As the paved path for moving data to key-value stores, Bulldozer provides a scalable and efficient no-code solution. Users only need to specify the data source and the destination cluster information in a YAML file. Bulldozer provides the functionality to auto-generate the data schema which is defined in a protobuf file. The protobuf schema is used for serializing and deserializing the data by Bulldozer and data consumers. Bulldozer uses Spark to read the data from the data warehouse into DataFrames, converts each data entry to a key-value pair using the schema defined in the protobuf and then delivers key-value pairs into a key-value store in batches.
Instead of directly moving data into a specific key-value store like Cassandra or Memcached, Bulldozer moves data to a Netflix implemented Key-Value Data Abstraction Layer (KV DAL). The KV DAL allows applications to use a well-defined and storage engine agnostic HTTP/gRPC key-value data interface that in turn decouples applications from hard to maintain and backwards-incompatible datastore APIs. By leveraging multiple shards of the KV DAL, Bulldozer only needs to provide one single solution for writing data to the highly abstracted key-value data interface, instead of developing different plugins and connectors for different data stores. Then the KV DAL handles writing to the appropriate underlying storage engines depending on latency, availability, cost, and durability requirements.
For batch data movement in Netflix, we provide job templates in our Scheduler to make movement of data from all data sources into and out of the data warehouse. Templates are backed by notebooks. Our data platform provides the clients with a configuration-based interface to run a templated job with input validation.
We provide the job template MoveDataToKvDal for moving the data from the warehouse to one Key-Value DAL. Users only need to put the configurations together in a YAML file to define the movement job. The job is then scheduled and executed in Netflix Big Data Platform. This configuration defines what and where the data should be moved. Bulldozer abstracts the underlying infrastructure on how the data moves.
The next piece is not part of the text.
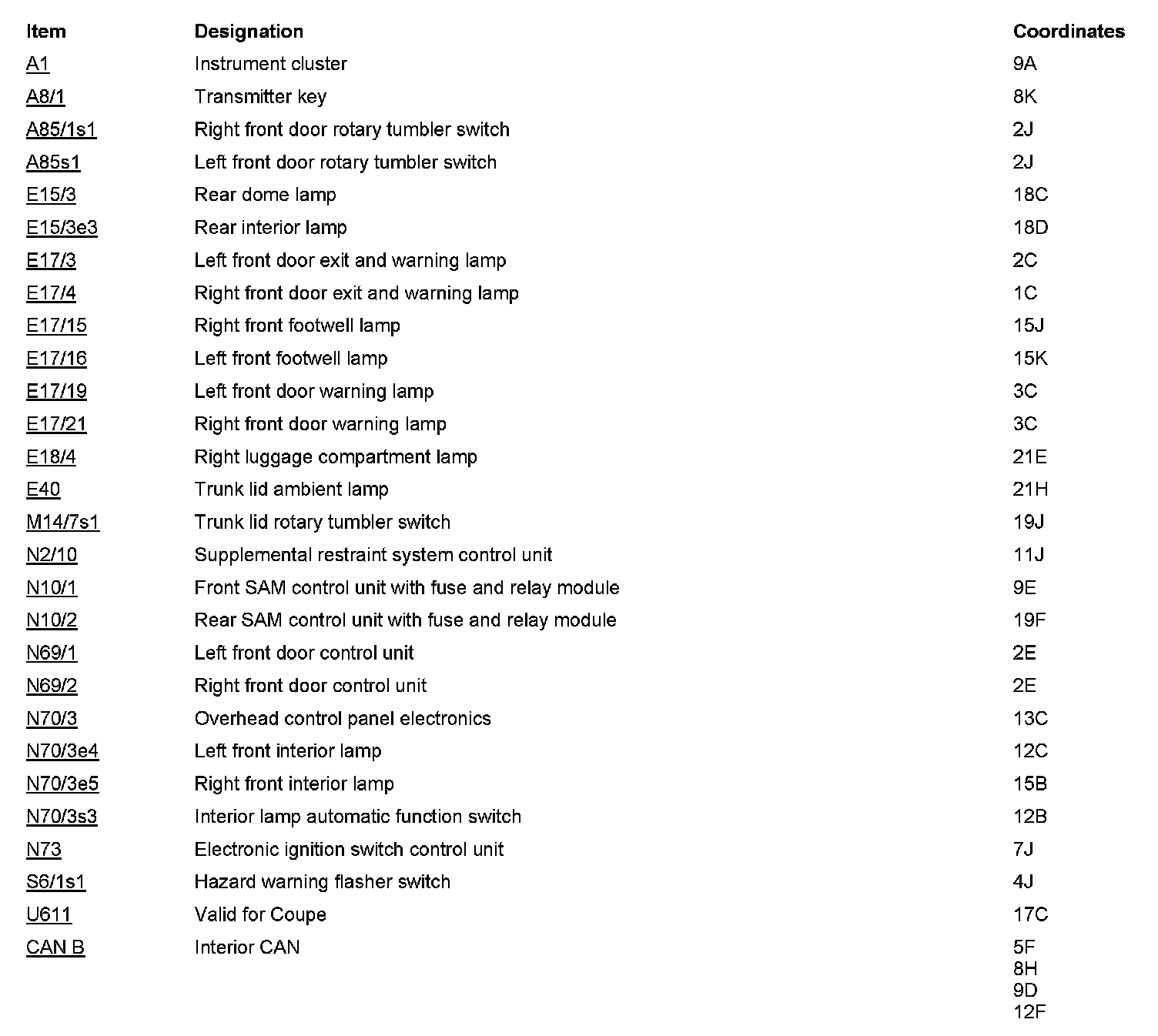 PE82.20-P-2052EAA Automatic Interior Lights Control Electrical Function Schematic

Let’s look at an example of a Bulldozer YAML configuration (Figure 3). Basically the configuration consists of three major domains: 1) data_movement includes the properties that specify what data to move. 2) key_value_dal defines the properties of where the data should be moved. 3) bulldozer_protobuf has the required information for protobuf file auto generation.
In the data_movement domain, the source of the data can be a warehouse table or a SQL query. Users also need to define the key and value columns to tell Bulldozer which column is used as the key and which columns are included in the value message. We will discuss more details about the schema mapping in the next Data Model section. In the key_value_dal domain, it defines the destination of the data which is a namespace in the Key-Value DAL. One namespace in a Key-Value DAL contains as many key-value data as required, it is the equivalent to a table in a database.
Bulldozer uses protobuf for 1) representing warehouse table schema into a key-value schema; 2) serializing and deserializing the key-value data when performing write and read operations to KV DAL. In this way, it allows us to provide a more traditional typed record store while keeping the key-value storage engine abstracted.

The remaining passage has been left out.